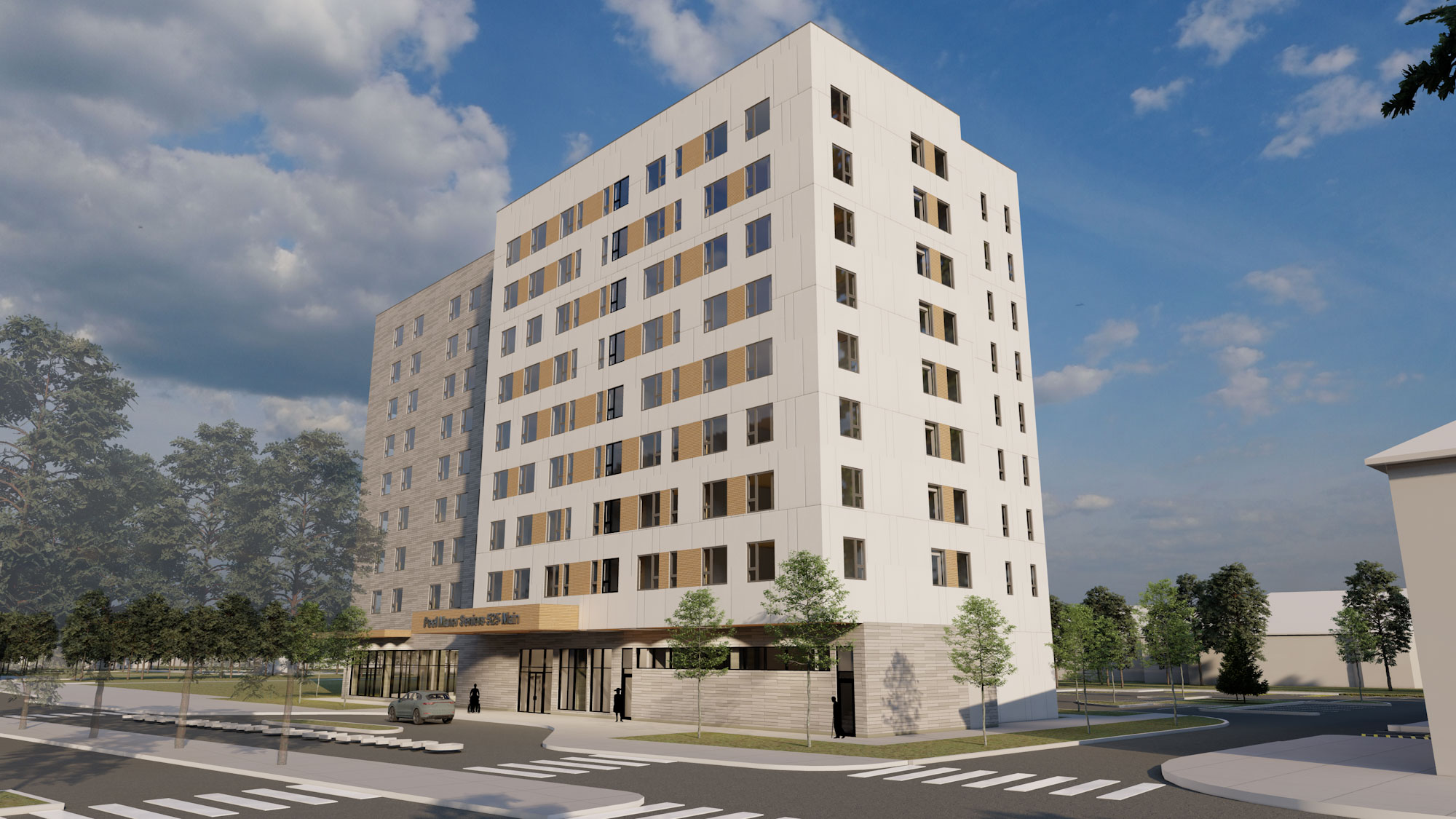The high-performance net zero design includes a hybrid mass timber structure, a geothermal heating and cooling system, a prefabricated envelope system, and sustainable, low embodied carbon materials that provide long lifecycles and lowered carbon emissions. Provisions will be made for future rooftop solar panels.
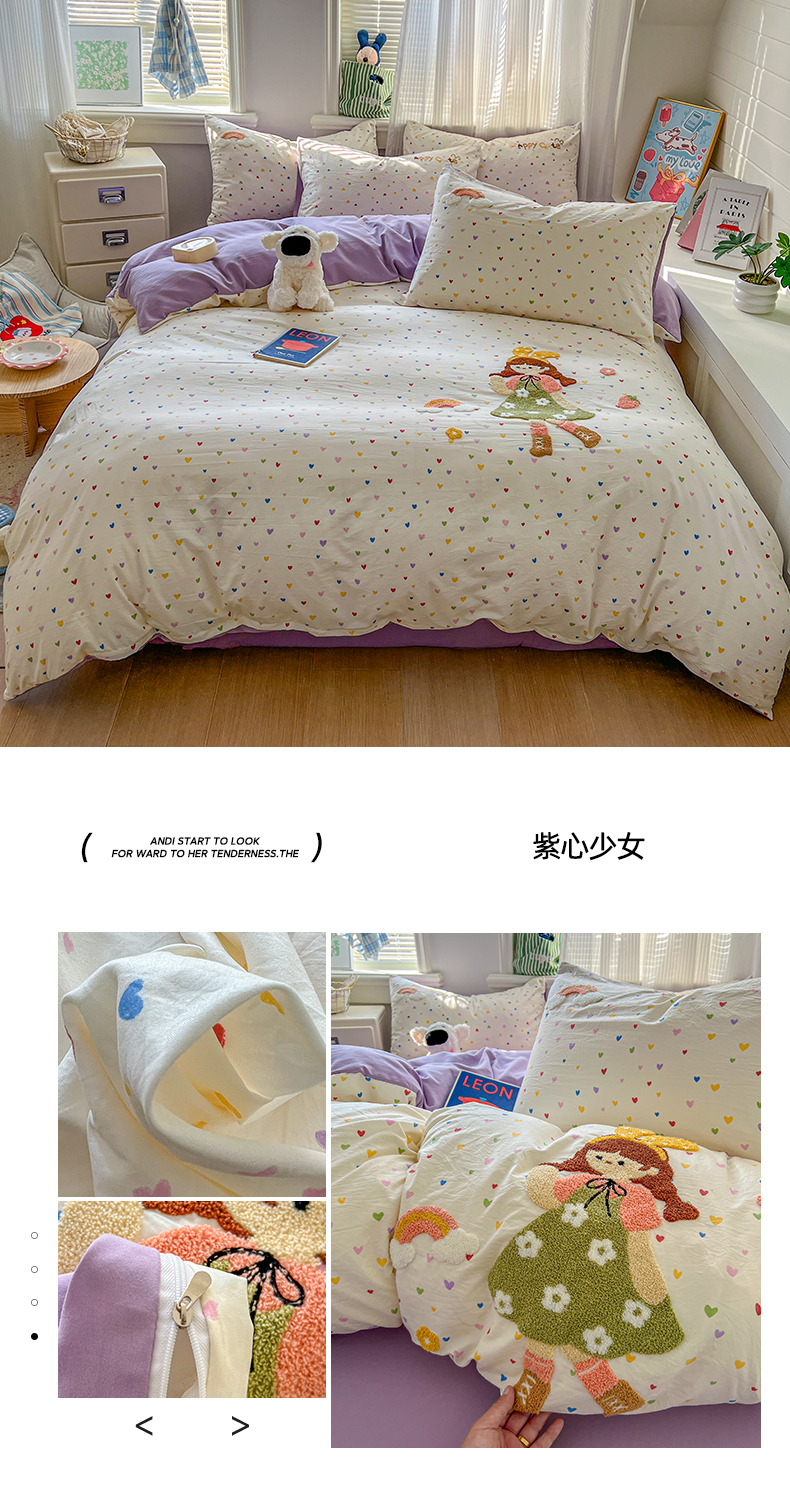 (总)一比一家纺 2026新款古法水洗仿棉云感纱A类四件套,知秋,白兰地,彩波波,草莓点点,格纹狗,嗨皮狗,赫莲娜,花千朵,花絮,酱果,蓝小格,莉莉安,梦幻灰,南瓜果果,葡萄,浅梦,森屿,疏影,甜心草莓,甜心喵,条纹狗,童趣,小黄花,小木马,小时光,小幸运,修修狗,薰衣草,灰樱桃,樱桃熊,鱼多多,组合图仅做展示不可下单,快乐时光
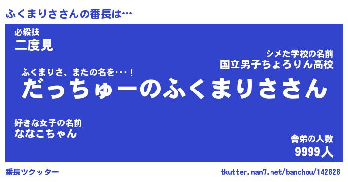 | ポケモン風あだ名 | 『フクチュウ』『フクマダネ』 |
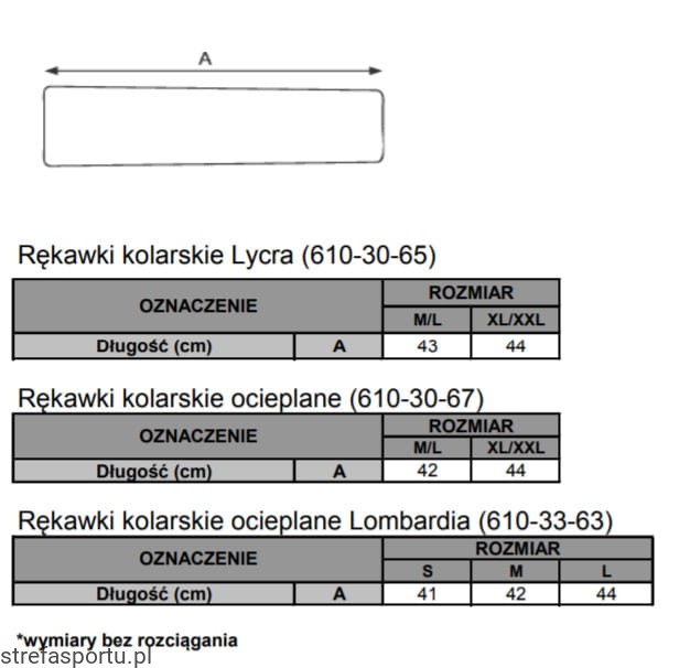 Rękawki kolarskie wykonane z elastycznej tkaniny LYCRA®. Dobrze oddychają i odprowadzają pot. Szybko schną. Dzięki wykończeniu taśmą odpowiednio utrzymują się na swoim miejscu podczas jazdy.
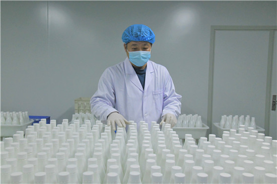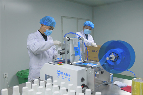 1月28日,在商水縣城關(guān)鄉(xiāng)瓦房莊村扶貧企業(yè)河南全民康健生物科技發(fā)展有限公司無菌生產(chǎn)車間,技術(shù)人員正在加班生產(chǎn)次酒精消毒液、免洗手消毒凝膠等消毒類產(chǎn)品。該企業(yè)由省檢察院駐村工作隊引進(jìn),主要生產(chǎn)次氯酸消毒液系列產(chǎn)品,年產(chǎn)量4000噸,主要用于空氣、手部、寵物、家具、水果蔬菜、餐飲具等消毒。隨著近期我國疫情多點局部暴發(fā),全民更加注重公共衛(wèi)生,該公司的免洗手消毒凝膠等產(chǎn)品銷售供不應(yīng)求,訂單較多,加班生產(chǎn)成常態(tài)。周口日報·周道客戶端記者 付永奇 楊華麗攝
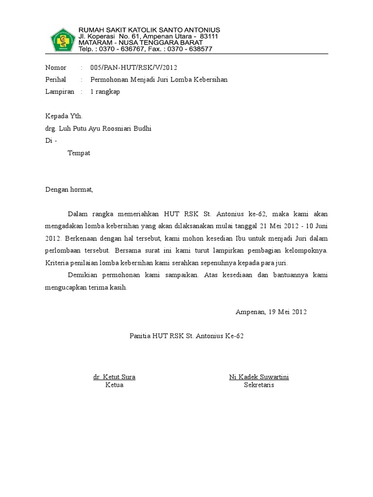 Surat Permohonan Sebagai Juri Lomba
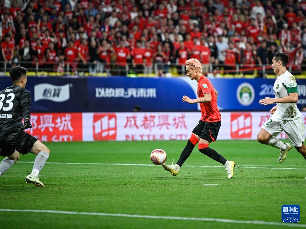 4月10日,成都蓉城队球员安德里戈(右)在比赛中射门得分。新华社记者 王曦 摄
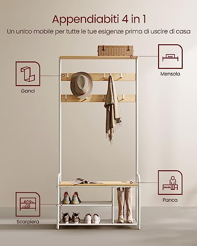 VASAGLE Appendiabiti con Scarpiera, Mobile Ingresso con 9 Ganci Rimovibili, Panca, Mensola, 30 x 85 x 180,5 cm, Corridoio Camera da Letto Appartamento, Moderno, Rovere e Bianco HSR409W09
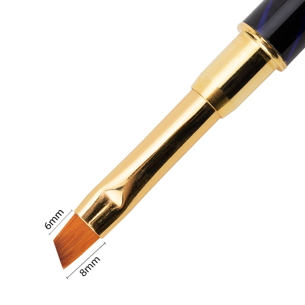 Pędzelek do żelu w rozmiarze 6 o skośnym kształcie to narzędzie do precyzyjnej pracy techniką żelową. Dzięki temu umożliwia dokładne rozprowadzanie produktu oraz modelowanie paznokci. Wysokiej jakości włosie nylonowe zapewnia sprężystość i kontrolę podczas stylizacji.
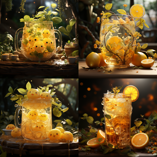 Midjourney Bot 更新时间:2023-08-31 11:14A long transparent cup is filled with lemon and coffee colored liquid, surrounded by lemons, characterized by a surreal fantasy style, charming character illustrations, Vray rendering, rich and immersive nature, and excellent atmosphere. --ar 1:1 --style raw --v 5.2 --s 750
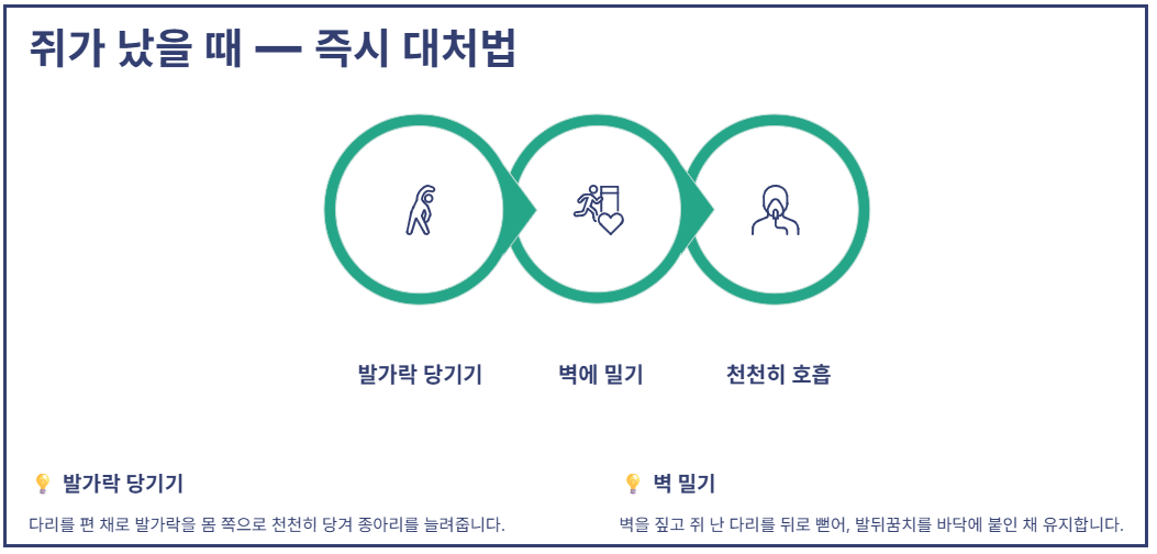 종아리 쥐 해결 방법, 이 순서대로 하면 바로 풀립니다
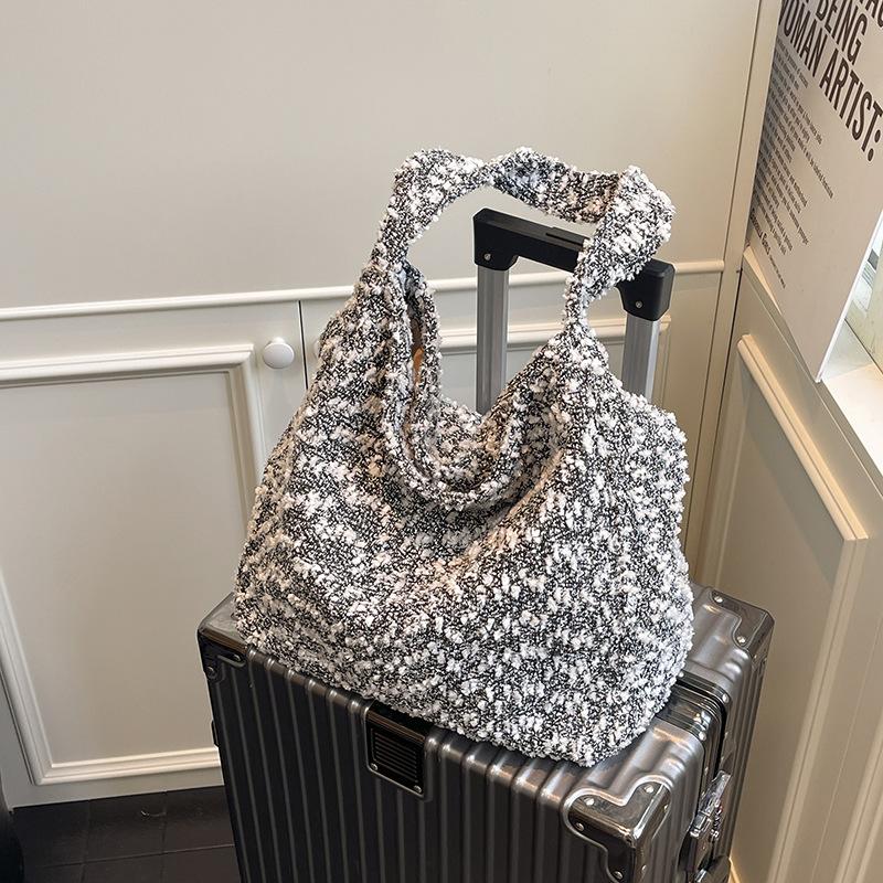 Ленивая сумка-ведро на осень и зиму, новая повседневная плюшевая сумка под мышкой, большая вместительная сумка на плечо для женщин
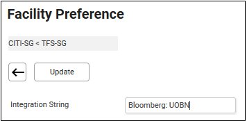 For Bloomberg’s FX trade integration, this is Bank 1 Dealing Code from the Bloomberg integration file. For example, Bloomberg: UOBN. Click on the Integration String hyperlink to enter the value. Click Update. |
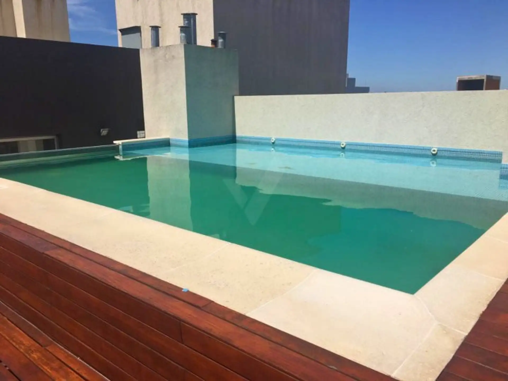 Two-room duplex apartment of 40 m² total area on the 3rd floor, courtyard-facing. The ground level has an integrated kitchen with the living-dining area. The upper level includes a bedroom with built-in wardrobe and a bathroom. The building has a pool and a communal SUM. Building fees are approximately 110,000 ARS.
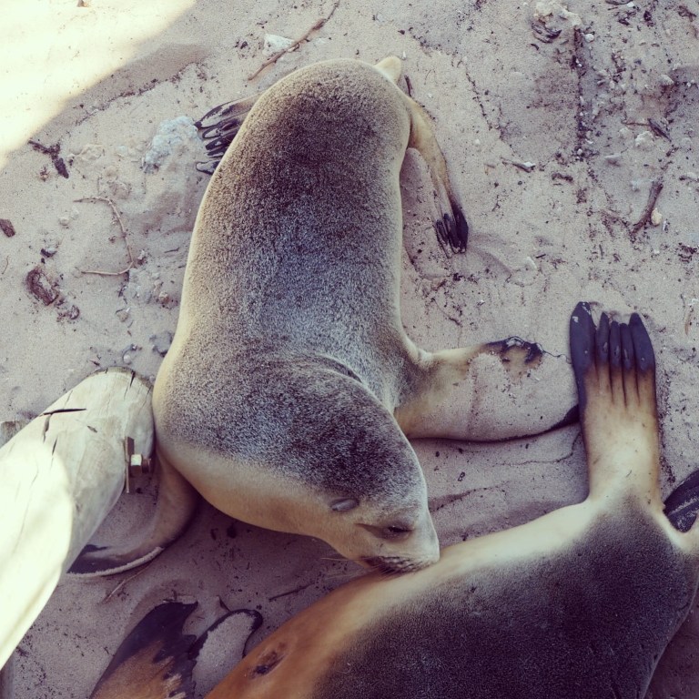 The next day we were up early and Ben was off on the bike again. He made his way towards our lunch stop at Vivonne Bay. I picked him up en route and we made a detour to Seal Bay, to see the sea lions!
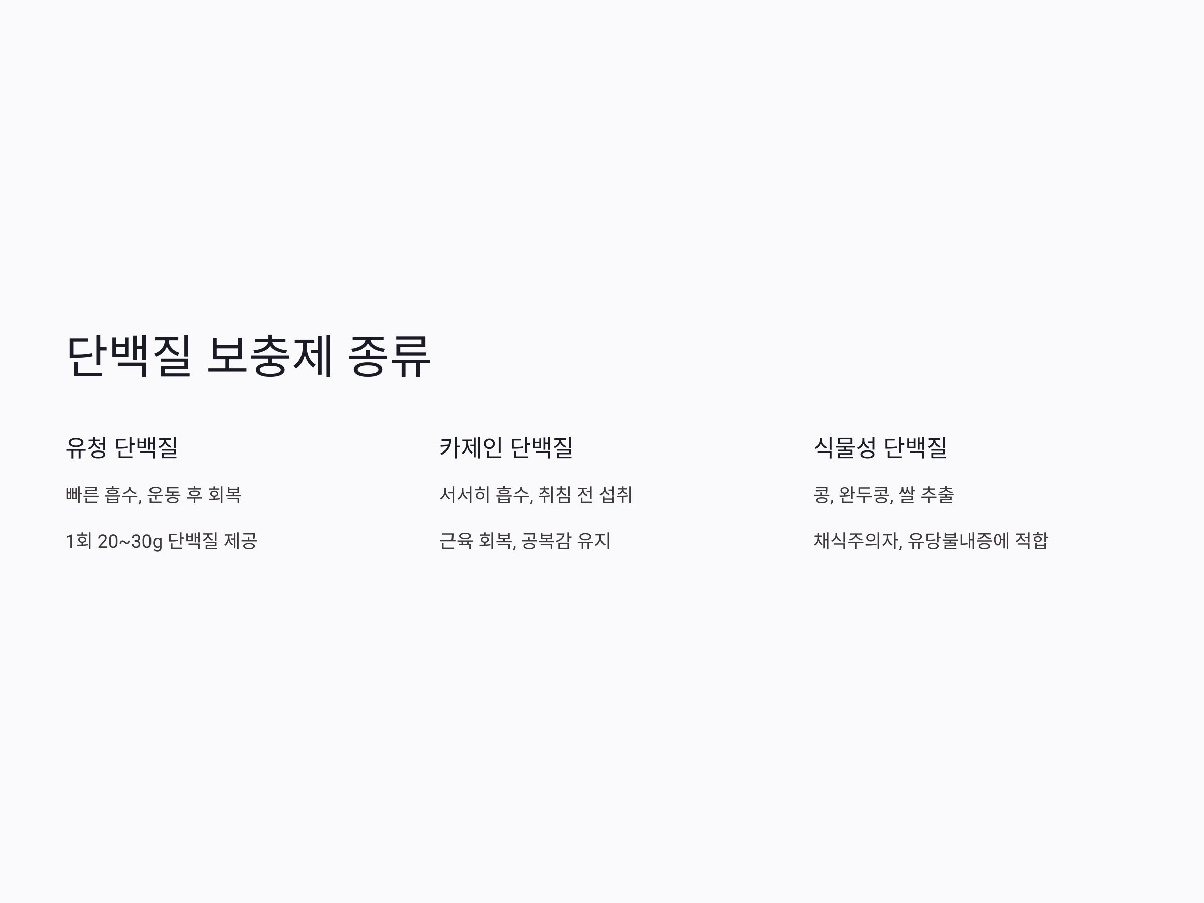 유청 단백질은 가장 많이 사용되는 단백질 보충제입니다. 빠르게 흡수되며, 운동 후 빠른 회복을 돕기 때문에 운동을 하는 사람들에게 특히 인기가 많습니다. 1회 섭취량에 약 20~30g의 단백질을 제공하며, 맛도 다양해서 꾸준히 섭취하기 좋습니다.
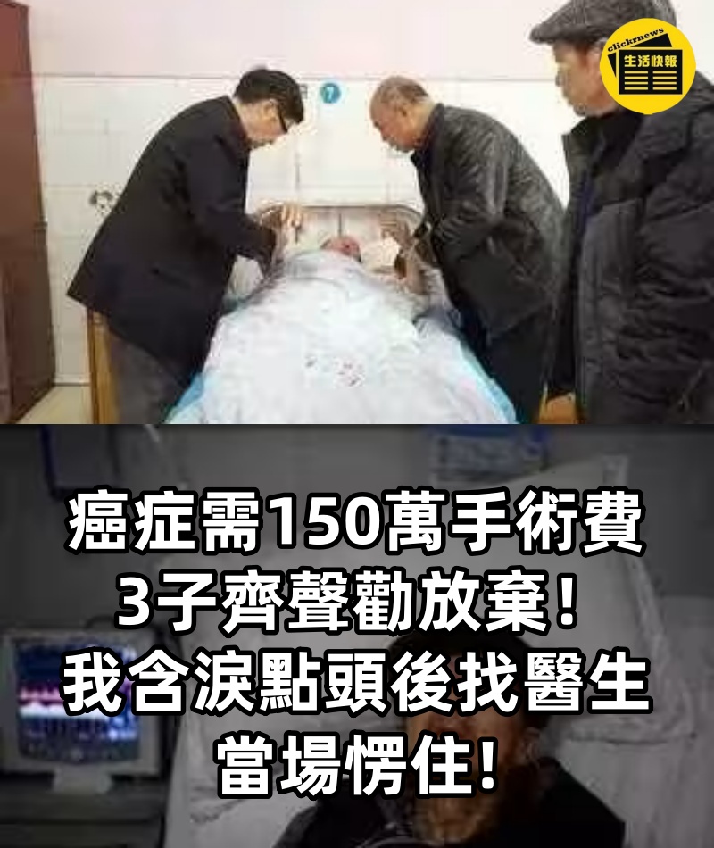 癌症需150萬手術費,3子齊聲勸放棄!我含淚點頭後找醫生,當場愣住!
# # # #
Description of the task
Copy out exactly the lines above beginning with the line that contains "4月10日,成都蓉城队球员安德里戈(右)在比赛中射门得分。新华社记者 王曦 摄" and finishing with the line that contains "VASAGLE Appendiabiti con", including both; leave the pictures out.

Exercise output
 4月10日,成都蓉城队球员安德里戈(右)在比赛中射门得分。新华社记者 王曦 摄
 VASAGLE Appendiabiti con Scarpiera, Mobile Ingresso con 9 Ganci Rimovibili, Panca, Mensola, 30 x 85 x 180,5 cm, Corridoio Camera da Letto Appartamento, Moderno, Rovere e Bianco HSR409W09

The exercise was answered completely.